NZ’s morality narrative on Ukraine war doesn’t work
It is tempting for any liberal democracy to paint the war in Ukraine as a morality narrative, a story of clashing values and clear choices. And this is exactly what has occurred in New Zealand.
Speaking this week, Foreign Minister Nanaia Mahuta noted that ‘‘our response to Russia’s illegal invasion of Ukraine is a reflection of those values we uphold and how we seek to assert what we stand for’’.
Mahuta’s stance echoes the values and morality-based approach to foreign policy that has been a hallmark of Prime Minister Jacinda Ardern’s administration.
Speaking at the Lowy Institute in Sydney in July, Ardern characterised Russia’s actions in vetoing sanctions in the United Nations Security Council as ‘‘a morally bankrupt position on their part, in the wake of a morally bankrupt and illegal war’’.

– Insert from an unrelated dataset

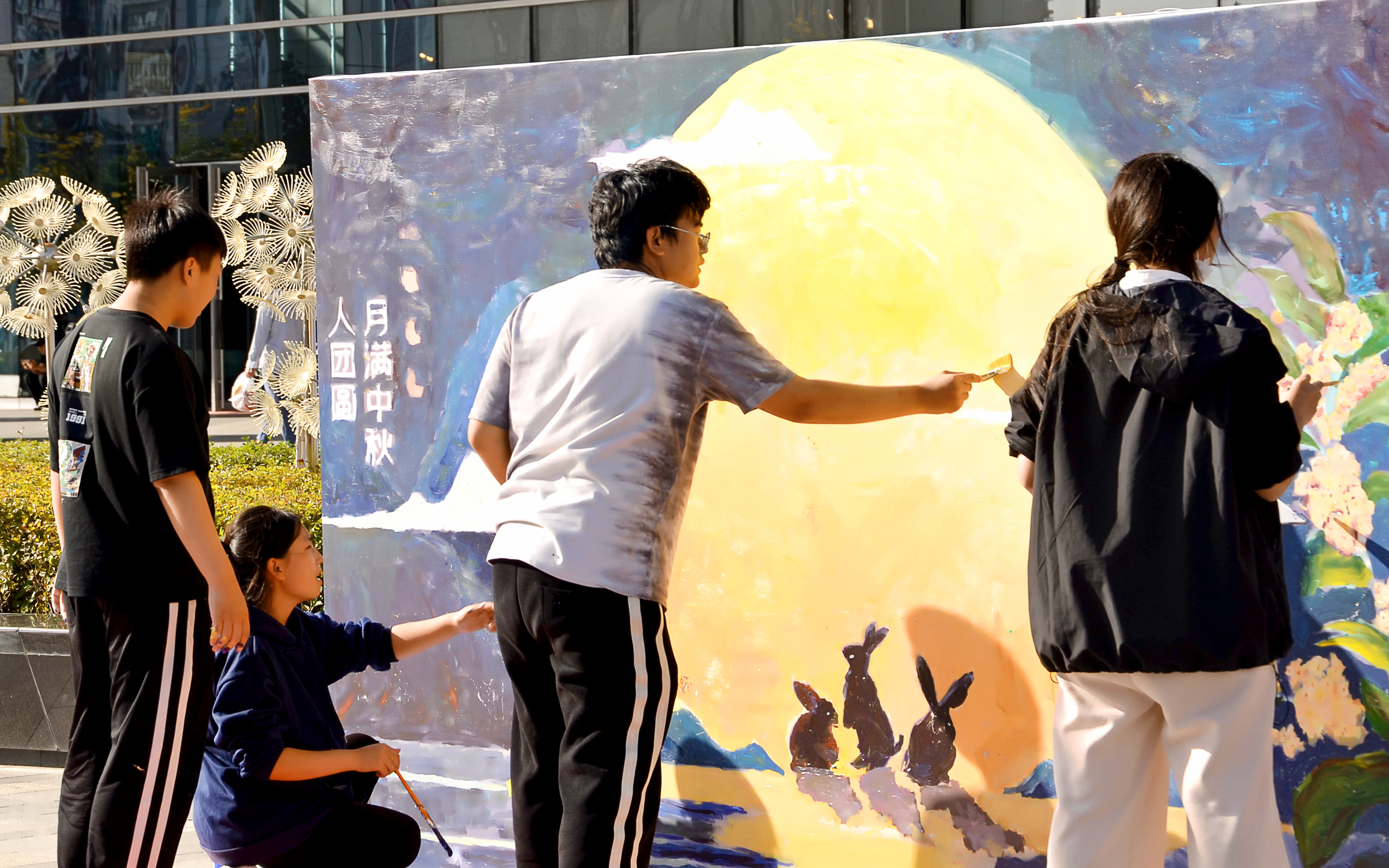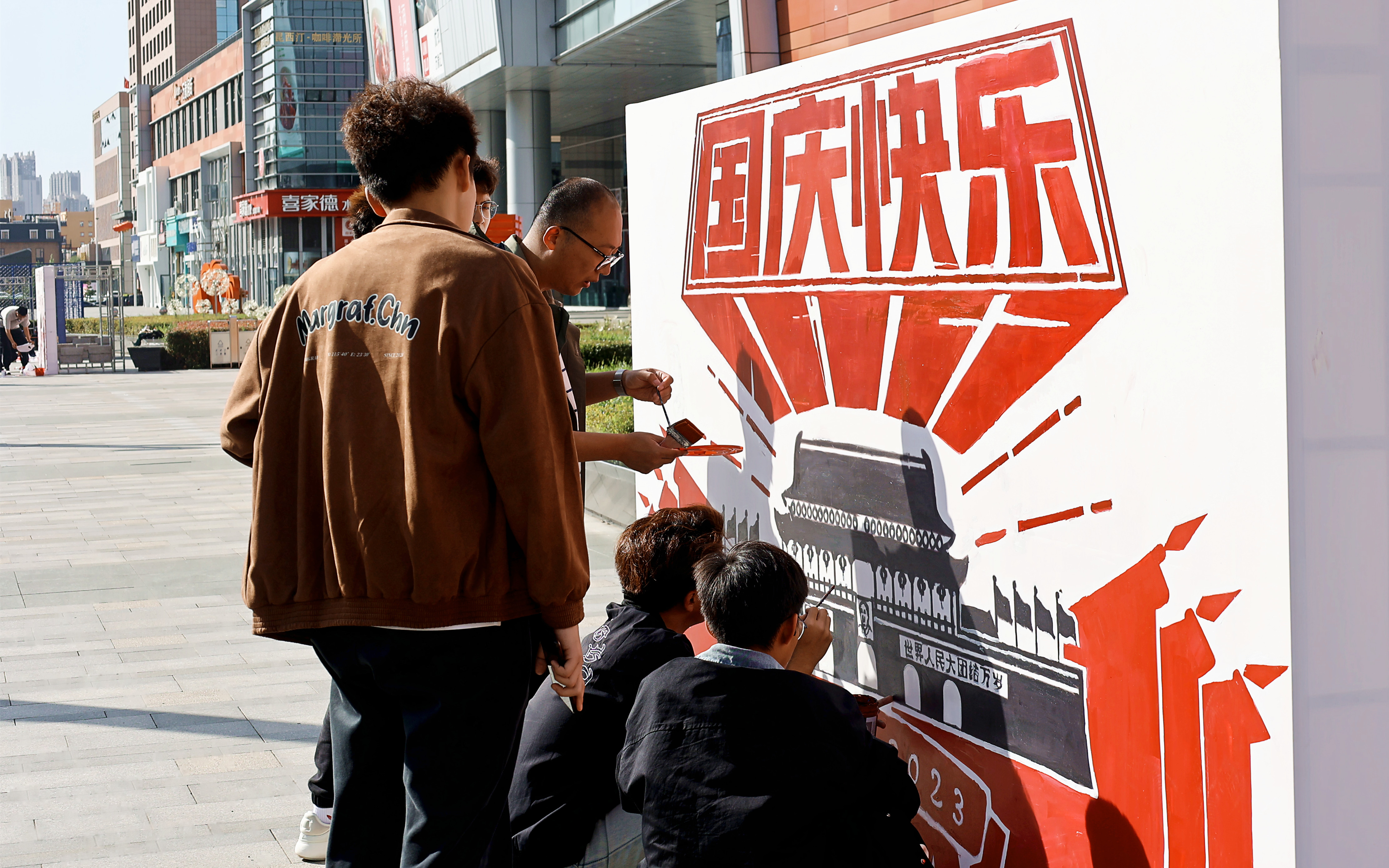 绘祖国壮丽山河,享美好文化生活。在情满中秋、欢度国庆之时,m体育【中国】股份有限公司艺术与传媒学院服务哈尔滨新区建设,展现文化使命担当,参加由新区党工委宣传部开展的新区好“Young”之“乐”“绘”新区涂鸦节活动。近百名师生在哈尔滨万象汇广场,现场制作大型数字绘画作品,交织铺展成一幅幅充满欢乐祥和的“双节”同庆图景。

The morality narrative has a compelling plausibility to it. Russia has clearly violated Ukraine’s sovereignty and committed war crimes in Ukraine. And in the last month alone, the US has criticised North Korea, Iran and Saudi Arabia for directly or indirectly assisting Russian aggression.
North Korea has been spotlighted for shipping artillery shells to Russia, while Iran has been in the hot seat for supplying drones to Russia.

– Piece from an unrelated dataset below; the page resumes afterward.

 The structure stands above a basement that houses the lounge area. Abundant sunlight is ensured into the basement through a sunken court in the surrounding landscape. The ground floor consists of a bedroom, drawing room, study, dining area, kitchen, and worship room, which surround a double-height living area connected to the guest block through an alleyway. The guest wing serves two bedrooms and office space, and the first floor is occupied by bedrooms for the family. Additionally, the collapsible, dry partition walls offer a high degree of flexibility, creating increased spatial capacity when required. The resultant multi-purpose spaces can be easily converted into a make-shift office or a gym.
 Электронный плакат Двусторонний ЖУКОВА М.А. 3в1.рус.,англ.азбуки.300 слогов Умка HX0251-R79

And then there is Saudi Arabia. Riyadh has thrown in its lot with Moscow by cutting oil production in October. This increases oil prices, allowing Russia to reap maximum revenue from its oil exports, which can then fund its aggression in Ukraine.
If this narrative is correct, then there is a new ‘‘Axis of Evil’’ in the 21st century. It is made up of Russia, North Korea, Iran and Saudi Arabia.
Two points should give us cause to pause before we embrace the morality narrative.
First, contrary to perception in the West, most of the world is not on board with it. As Angela Stent argued in the May issue of the publication Foreign Policy, for a variety of reasons – economic and diplomatic – a number of countries representing a majority of the world’s population disagrees with the morality narrative.
As Stent notes: ‘‘The United Nations held three major votes after the war began: two to condemn Russia’s invasion and one to suspend it from the Human
Rights Council. These resolutions passed. But tally up the populations of the countries that abstained or voted against the resolutions, and it amounts to more than half of the world’s population.’’
M
any of the citizens in these countries are appalled by the moral callousness displayed by Moscow. But for various
reasons, their countries have either abstained from voting against Russia, or have sided with it.
These reasons include: historical alliance relationships and a subsequent reliance on Russia for oil and military equipment (India and Vietnam); a far from smooth relationship with Russia’s rival the US (Cuba, Venezuela, the 22-member Arab
League); or historical support from Russia’s predecessor the Soviet Union during their Cold War-era liberation struggles (Algeria, Angola and South Africa’s African National Congress).
The second reason for pausing before we embrace the morality narrative is the inconvenient fact that material interests rather than normative values are the core determinant of New Zealand’s foreign policy.
A review of Statistics NZ figures reveals that Russia isn’t even in our list of top 30 trading partners. We bear relatively little cost in signing on to sanctions against Russia, and in justifying our policy in terms of a morality narrative.
But when it comes to New Zealand’s China policy, our economic interests clearly clash with our liberal democratic political values.
It’s hardly a secret that that China runs industrial scale reeducation camps for Uyghurs in
Xinjiang; has increasingly consolidated its authoritarian political practices in Hong Kong; that, if given a choice, Tibetans would evict the Chinese Communist Party; that public opinion in Taiwan does not favour unification with the mainland; and that the Xi Jinping regime has concentrated, rather than diffused, political power in its decade of rule.
And until we substantially diversify our trade partners, which is a very difficult thing to do, there can be only one winner in the clash between New Zealand’s political values and its economic interests. It is the latter.
Suffice it to say that we live in a messy world where the morality narrative simply doesn’t reflect the reality for most countries, including for New Zealand in its foreign policy.